1) Restart the guest via libvirt or virtsh - Once the guest boots back up the issue is resolved for a length of time (random length, could be 5 minutes could be 8 hours) and then the issue returns with identical symptoms as the above.
2) Restart the entire hypervisor - Same as restarting an individual guest, the issue is resolved for a time, but eventually returns.
- The issue occurs on both Ubuntu 12.04.4 LTS w/Qemu 1.0.0 and on Ubuntu 14.04.1 LTS w/Qemu 2.0.0
- The issue effects both Windows & Linux guest operating systems
- VirtIO is the default driver for all guests, however I have confirmed it also effects IDE, Realtek & E1000 when set for the guest VM.
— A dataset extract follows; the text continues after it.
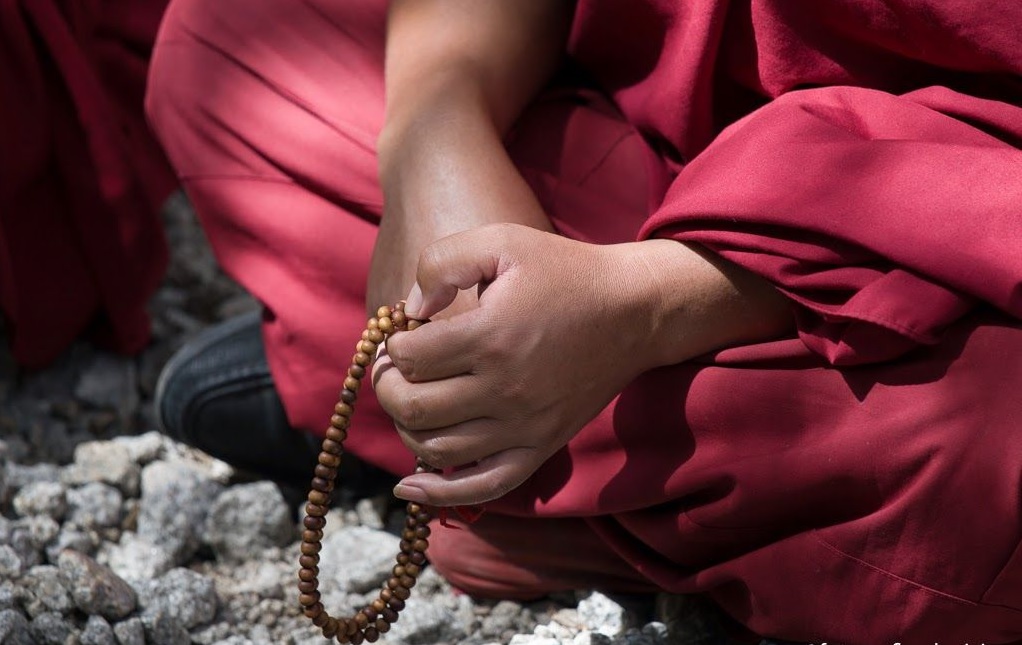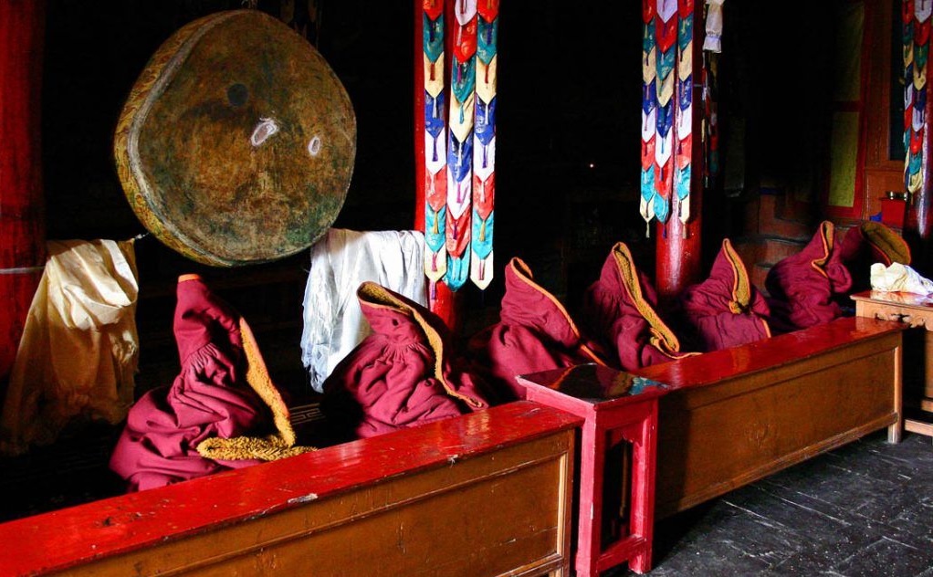 After sleeping in the monastery, at dawn we went to the monastery’s puja or prayer time and lived a fascinating experience listening to the powerful sound of the Tibetan trumpets from the roof of the temple.
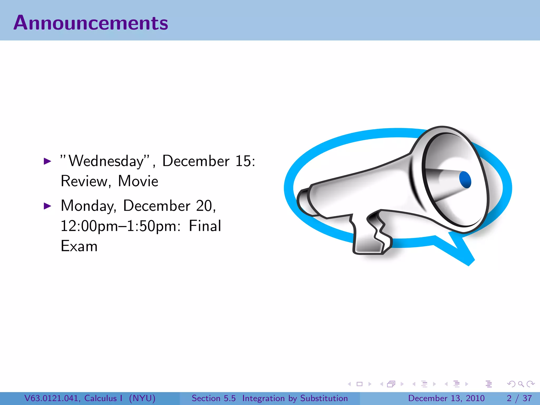The document provides notes from a Calculus I class at New York University on December 13, 2010. It includes announcements about upcoming review sessions and the final exam. It then outlines the objectives and topics to be covered, which is integration by substitution. Examples are provided to demonstrate how to use u-substitution to evaluate indefinite integrals. The key steps are to let u equal an expression involving x, find du in terms of dx, and then substitute into the integral.

- When the bursts of packet loss and high latency begins it does NOT effect all the guest machines simultaneously. While it eventually effects every guest it doesn't effect them all at the same time. One guest will be having issues while 5 others are smooth as glass. Its almost like they each guest has their own timer for when the event will begin.
Any insight into what I may be doing wrong or how to fix the above would be greatly appreciated!